While not a fraud he does tend to get lauded too much for his accomplishments. The more you learn about him the more you despise the man. Yet the USA dedicated a holiday to him.
There appears to be a certain type of American who seem to be very attached to ideas that Columbus was the first white, European to find the continent, and that Native Americans (in the Continental US, not "natives" further south) were basically barbarians with a lack of both skills and permanent presences in things like mining.

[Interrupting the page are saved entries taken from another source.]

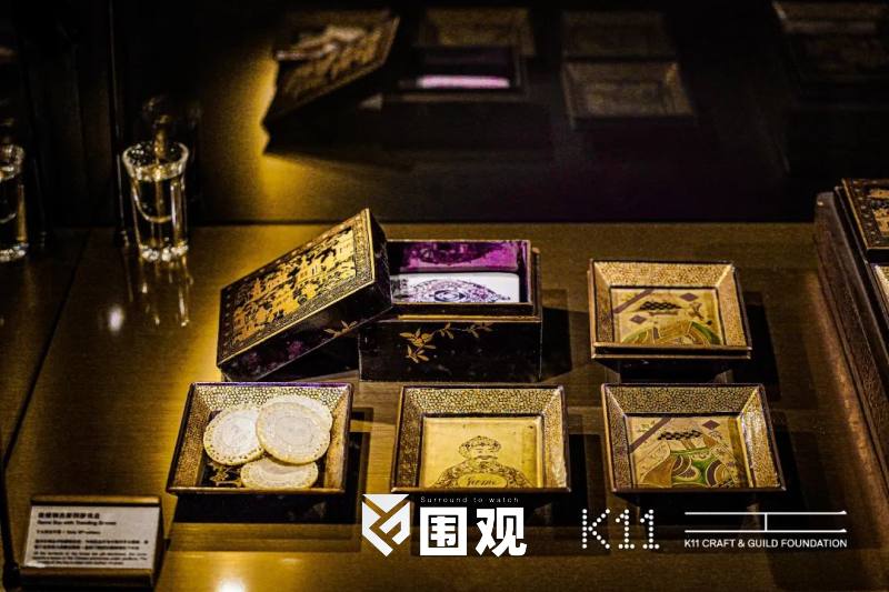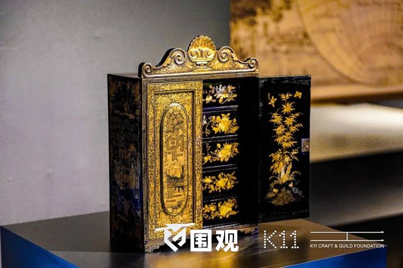 步入“盛世工艺”,KCG收藏的黑漆描金古董珍品错落有致陈列,藏品时间跨度超百年,凝聚东西方工艺精华,以“黑漆描金”工艺技法的流丽高逸直击观者心灵。
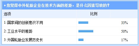 关于导致技术差距的具体原因,根据调查内容,认为“国家间创新意识不同”的,占33%;认为是“工业水平存在差距”的占半壁江山;选择“外国轮胎业发展史长”的,占17%。
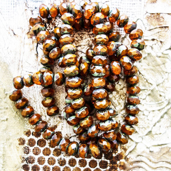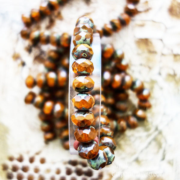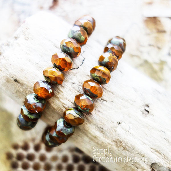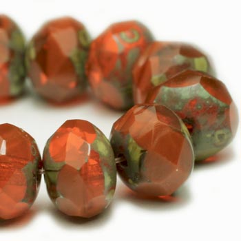 8x6mm Orange Brick Picasso Czech Rondelle – 25 pieces – 2851
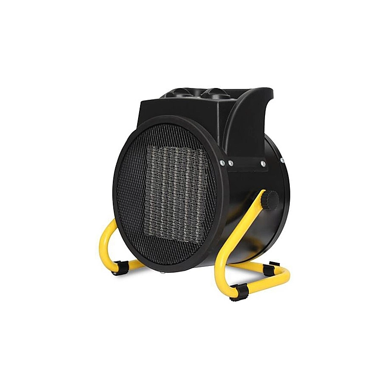 Generatore di aria calda da 3 KW. Tecnologia ceramica PTC per un caldo piu' veloce. Con 2 regolazioni (2 KW o 3 KW), termostato di sicurezza e funzione ventilatore. Cavo da 140 cm con presa CEE 7/7 (schuko). Struttura in metallo. IP20. Dimensioni 247x168x265h mm.
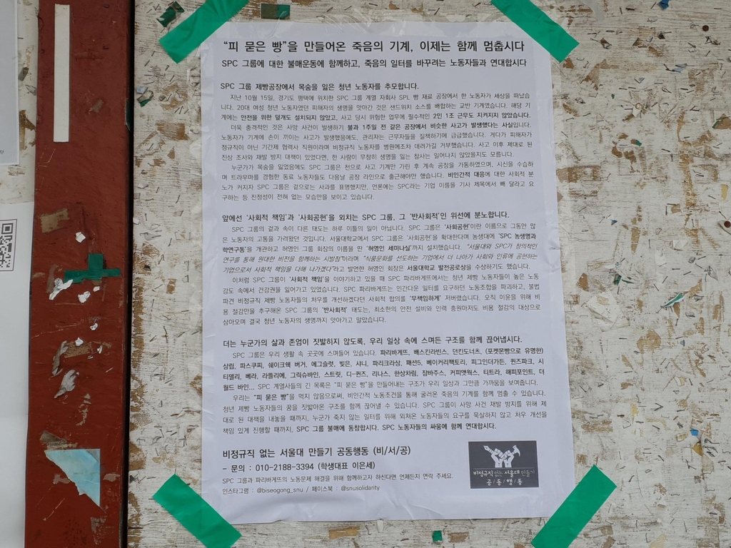 서울대 학생 모임 '비정규직 없는 서울대 만들기 공동행동'(비서공)은 20일 "'피 묻은 빵'을 만들어온 죽음의 기계, 이제는 함께 멈춥시다"라는 제목의 대자보를 대학 캠퍼스 내 여러 게시판에 게시했다.

Yet the Vikings from signs being dug up in Newfoundland discovered the place long before Columbus, not to mention the Basques were fishing the Grand Banks as long as 2000 years ago, not to mention the Piris Reis map showing "something" being out that way, and the name Brazil comes from the old legends of Hy-Brasil, a land mass to the West, and Cocaine found to have been used by ancient Egyptian Mummies, well, before they became mummies one assumes
. I suspect a lot of "discoveries" from the past were simply rediscoveries, especially since as mentioned, clearly people got there thousands, or hundreds of thousands of years ago.
If the Welsh Legends of Prince Madog are, simply that, myths, then the Native American tribe supposed to be the one his people intermixed with were a very permanent tribe, unlike the others, and again under the idea some (I assume Bigots) hold that the Natives were barbarians with no permanence, these people defy it having lived in stone villages built around a central square. And evidence has been found of ancient mines being excavated by Native Americans a couple of thousand years ago.
I was chatting about this with Baylor, the OP the other day - we suspect that for example the Destruction of the Library of Alexandria may well have lost to us, incredible revelations about what was really known and discovered about the world in ancient history. It would equally not surprise me if the Vatican held in its Archives copies of or information on some - not intentionally suppressing it - they simply don't know they have it, having been run by centuries worth of by avid collectors and preservers of knowledge, and of course donations, I imagine the filing system is a little "anarchic" at best!
In a way it's sort of good, in that it means there are still things to explore, to theorise about, and to stir the imagination.